Il 13 aprile, meno di due mesi dopo l’invasione dell’Ucraina, sempre Panorama uscì con una nuova copertina dedicata alla guerra: «Il boomerang delle sanzioni», in cui si spiegava che gli effetti dei provvedimenti decisi dall’Occidente contro Mosca si ritorcevano contro di noi e «mentre l’Europa procede in ordine sparso, l’Italia paga un prezzo per decine di miliardi». Però, nonostante fosse tutto noto, giornalisti e politici scoprono ora che la libertà - dell’Ucraina - comincia a rivelarsi troppo salata per essere accettabile. Così, sulle pagine di alcuni quotidiani che fino a ieri erano guerrafondai e non ammettevano neppure il più piccolo tentennamento, all’improvviso è cominciata a suonare la ritirata. «Siamo tutti ucraini» ha scritto Massimo Giannini sulla Stampa «ma per la pace serve una via». Putin resta sempre il criminale che è, ma si invitano le cancellerie euro-atlantiche ad aprire un serio confronto con Zelensky per capire che fare.
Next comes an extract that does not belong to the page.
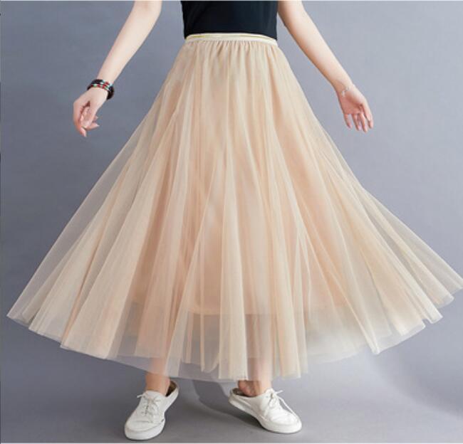 - 人気春夏カジュアル ふんわり*ウエストゴム チュールレースマキシロングスカート ベージュ

In altre parole, come uscirne. Ancor più chiaro Josh Hammer, editorialista di punta del settimanale americano Newsweek, il quale ha twittato: «Sono stanco di Volodymyr Zelensky» spiegando poi in un articolo che «il nostro interesse nazionale per il teatro ucraino non coincide con la posizione assolutista di Zelensky; il nostro interesse è per la de-escalation, la distensione e la pace». E Milena Gabanelli, una delle giornaliste più note del Corriere della Sera, sempre via Twitter, dopo l’attentato al ponte che collega la Russia alla Crimea, si è chiesta: «Ma qualcuno a Washington e a Bruxelles dice a Zelensky dove si deve fermare?».
Insomma, siamo tutti ucraini, ma fino a che la crisi non tocca il nostro portafogli e fino a quando Putin non minaccia l’uso di armi nucleari. In tal caso, senza preavviso, i nostri interessi non coincidono più con quelli di Kiev. Cioè, dopo migliaia di morti, centinaia di paesi spazzati via dai missili e miliardi di danni, all’improvviso anche i duri e puri della resistenza a ogni costo si rendono conto che questa guerra va fermata e la solidarietà a Zelensky va bene, ma fino a un certo punto. Con un ritardo di 240 giorni, anche i più convinti guerrafondai scoprono che serve una pace necessaria, cioè quello che da mesi pensa il 60 per cento degli italiani. Con le bollette alle stelle e la bomba alle porte, parlare di negoziato non è più una bestemmia.